12. The switching device according to claim 11, wherein,

-wherein the first arc rail portion (511) of the first pair (510) of arc rails is formed as an extension of an extinguishing plate (601) of the first arc extinguishing chamber (600),

-wherein the first arc rail portion (521) of the second pair (520) of arc rails is formed as an extension of an extinguishing plate (701) of the second arc extinguishing chamber (700).

13. The switching device of any one of claims 1 to 12, comprising:

-a first terminal contact rail (50) and a second terminal contact rail (60),

-wherein the first fixed contact (30) is placed on the first terminal contact rail (50) and the second fixed contact (40) is placed on the second terminal contact rail (60).

14. The switching device according to any one of claims 9 to 13,

-wherein the first arc extinguishing chamber (600) and the second arc extinguishing chamber (700) comprise at least a first partial extinguishing plate (610, 710) and at least a second partial extinguishing plate (620, 720),

-wherein the first partial blanking plate (610, 710) is inclined towards the switching assembly (100) with respect to the second partial blanking plate (620, 720).
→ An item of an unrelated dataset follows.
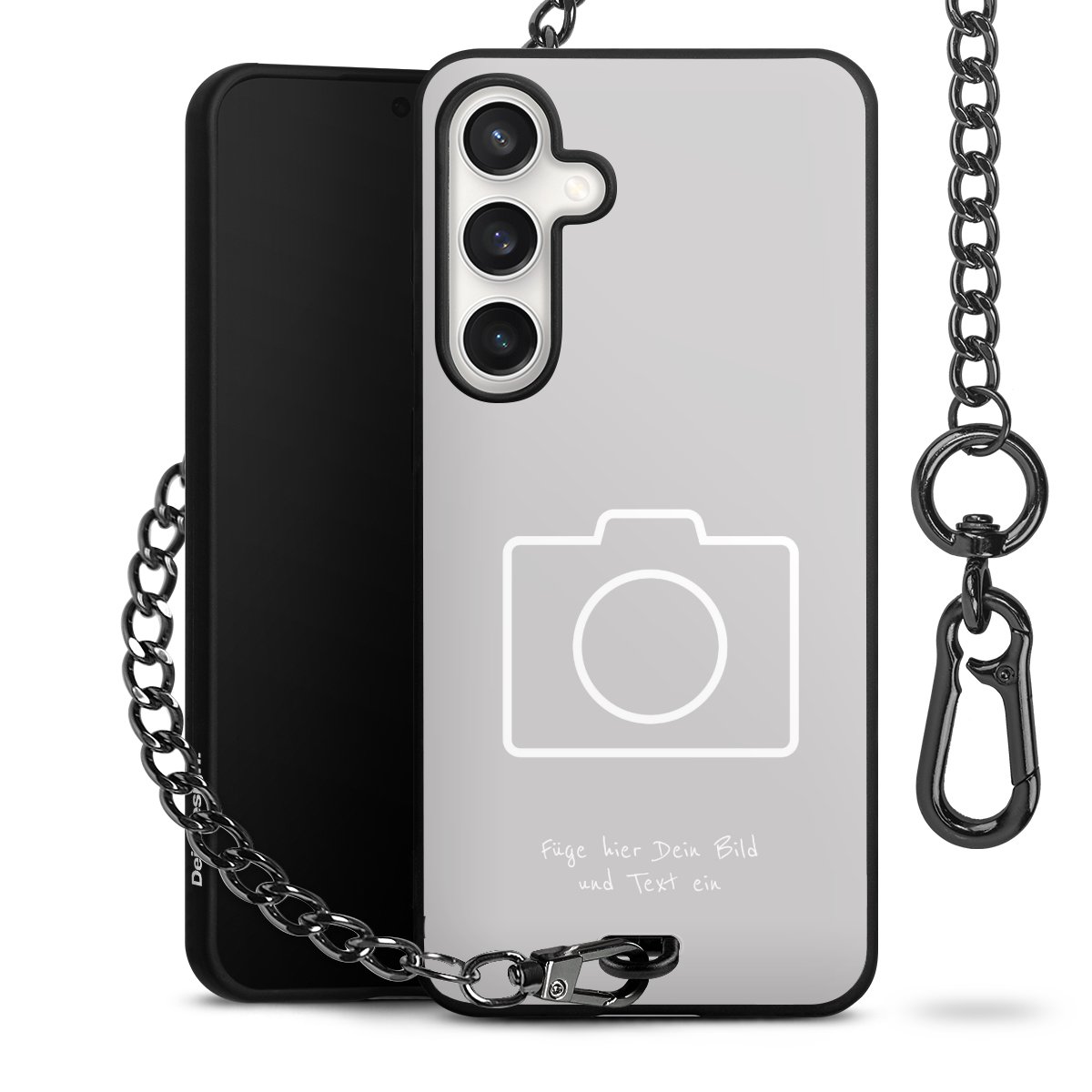 - Mattschwarze Handyhülle mit Metallkette

15. The switching device according to any one of claims 9 to 14,

-wherein the first arc extinguishing chamber (600) and the second arc extinguishing chamber (700) respectively comprise a plurality of extinguishing plates,

-wherein the extinguishing plates are shifted or tilted with respect to each other such that the respective sides of the first arc extinguishing chamber (600) and the second arc extinguishing chamber (700) are placed parallel to an arc which is bent in the running direction of the arc in the magnetic blow-off field of the switching device.